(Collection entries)

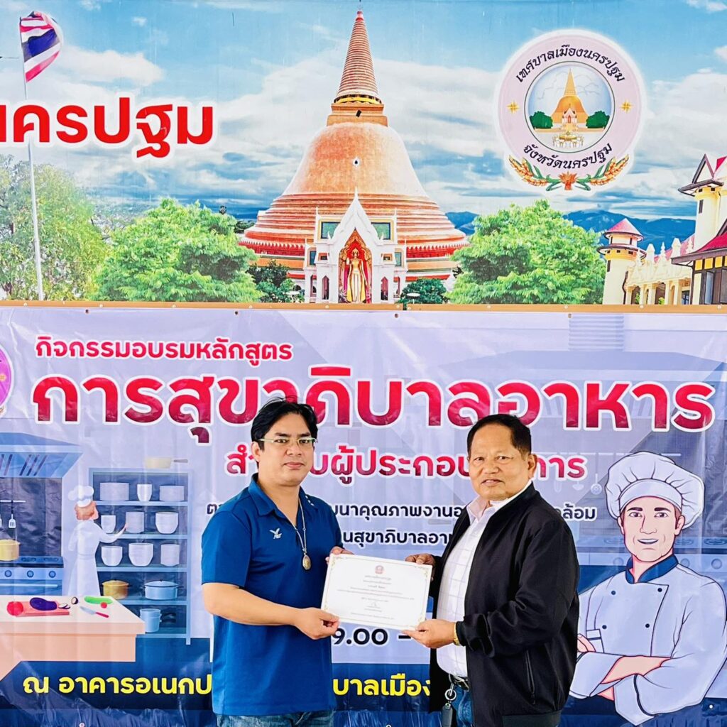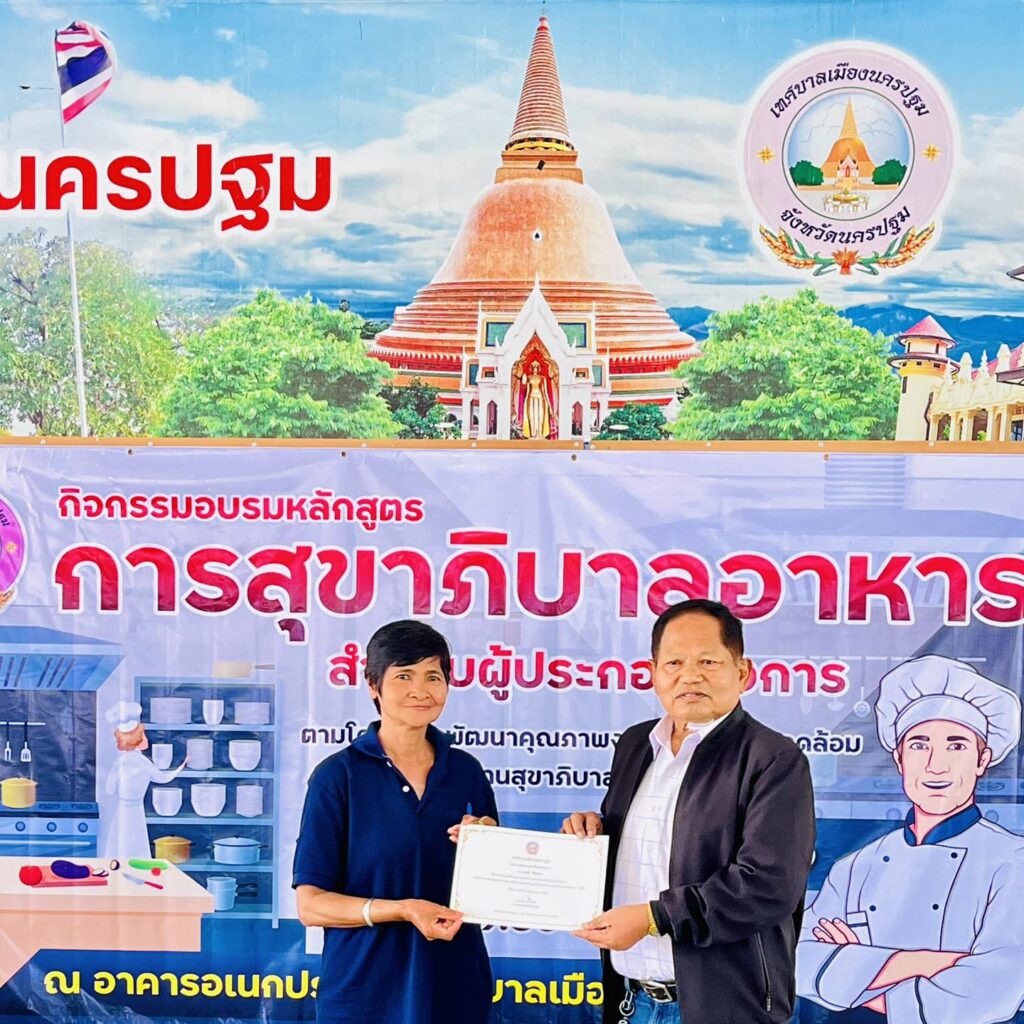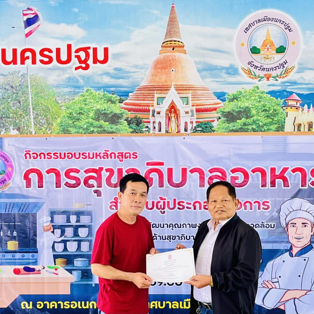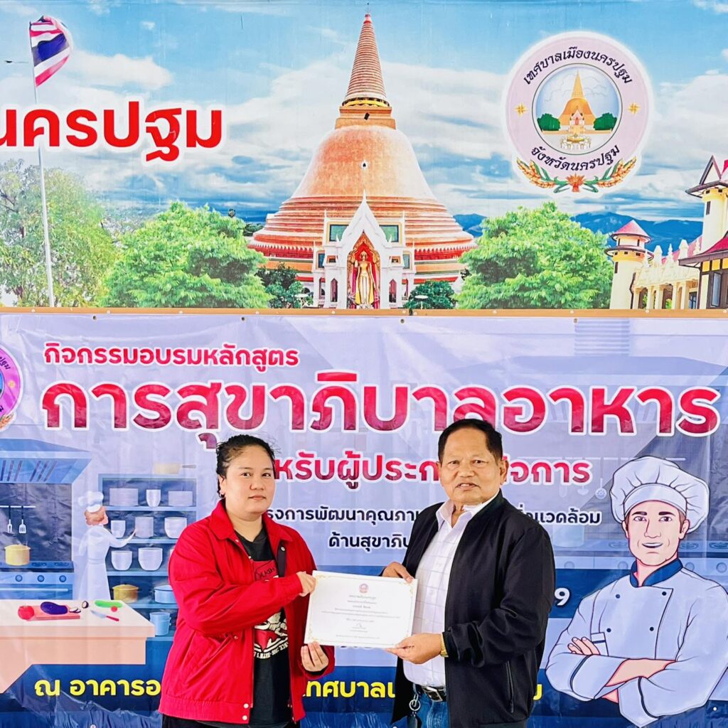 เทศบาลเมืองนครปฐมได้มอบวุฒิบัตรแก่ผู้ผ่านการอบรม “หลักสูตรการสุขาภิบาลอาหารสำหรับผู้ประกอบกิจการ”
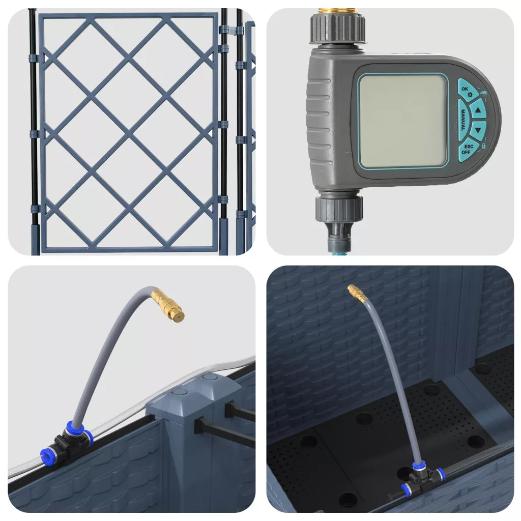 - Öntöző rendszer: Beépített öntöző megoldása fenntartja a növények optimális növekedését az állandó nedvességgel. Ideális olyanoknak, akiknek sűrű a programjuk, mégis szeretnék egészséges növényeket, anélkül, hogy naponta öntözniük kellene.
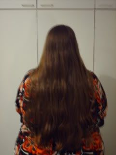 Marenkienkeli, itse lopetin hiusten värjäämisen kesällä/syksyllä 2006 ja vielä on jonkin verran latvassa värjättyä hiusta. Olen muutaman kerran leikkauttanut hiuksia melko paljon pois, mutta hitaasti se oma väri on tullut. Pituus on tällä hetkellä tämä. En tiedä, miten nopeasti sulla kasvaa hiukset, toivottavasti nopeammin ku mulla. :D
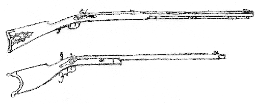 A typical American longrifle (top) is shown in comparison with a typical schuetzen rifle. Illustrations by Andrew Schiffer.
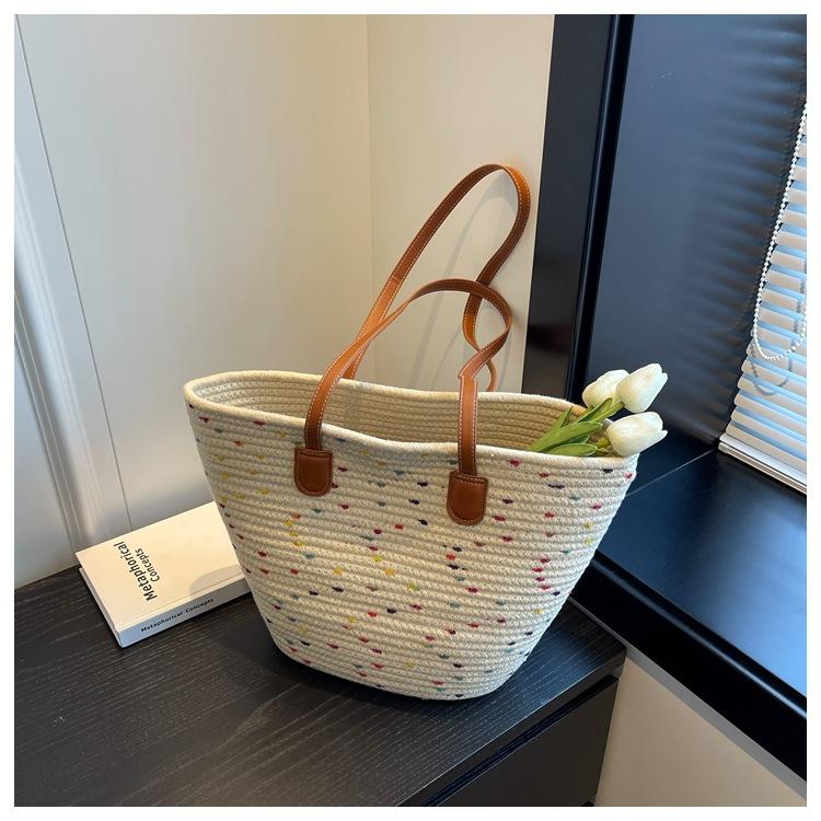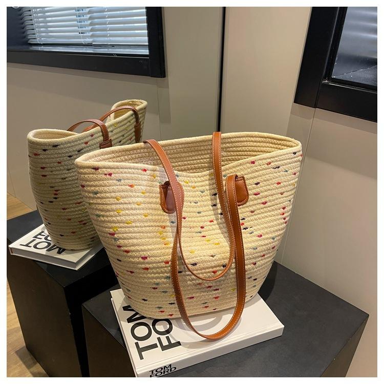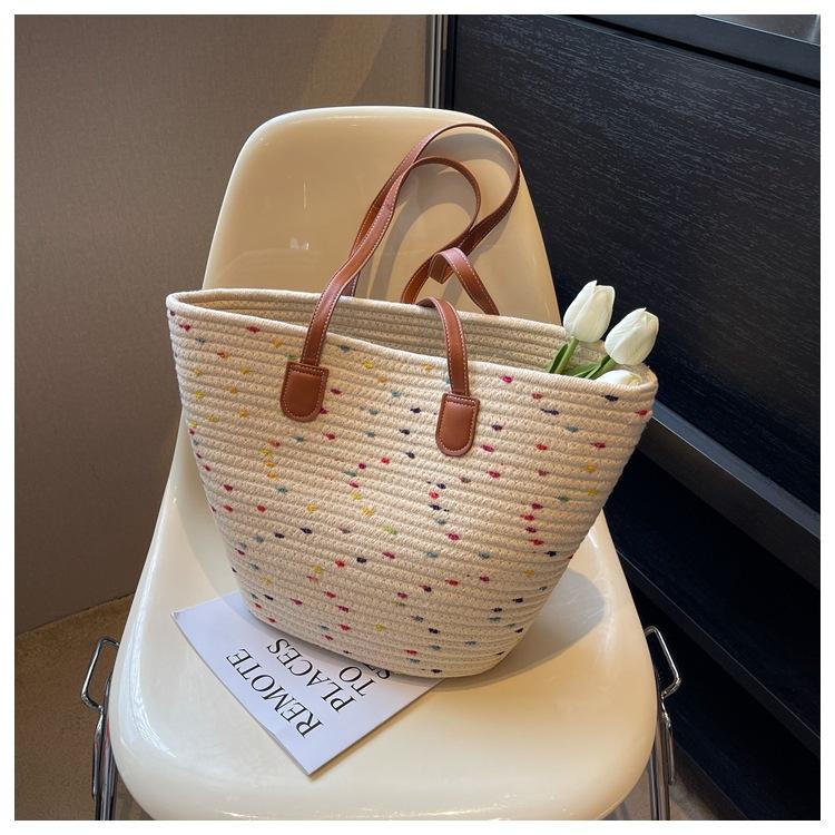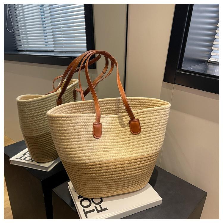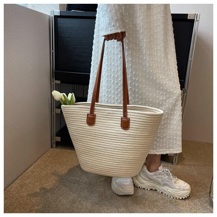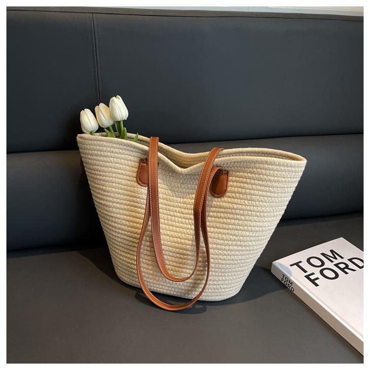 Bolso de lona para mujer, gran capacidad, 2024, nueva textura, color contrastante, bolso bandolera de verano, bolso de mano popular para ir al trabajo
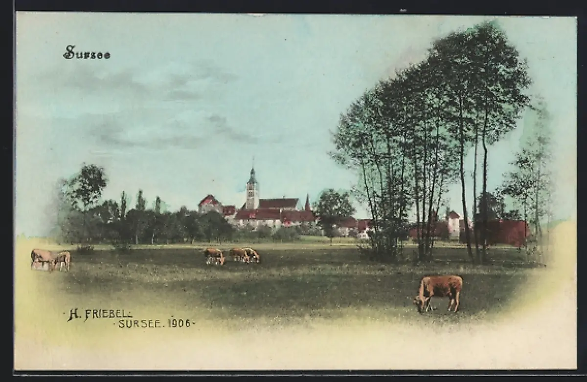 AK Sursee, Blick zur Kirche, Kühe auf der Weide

WHAT TO WORK ON> Produce an exact copy of only those lines that run from the line with "A typical American" to the final line of the records, including both; exclude images.

RESULT OF THE TASK>
 A typical American longrifle (top) is shown in comparison with a typical schuetzen rifle. Illustrations by Andrew Schiffer.
 Bolso de lona para mujer, gran capacidad, 2024, nueva textura, color contrastante, bolso bandolera de verano, bolso de mano popular para ir al trabajo
 AK Sursee, Blick zur Kirche, Kühe auf der Weide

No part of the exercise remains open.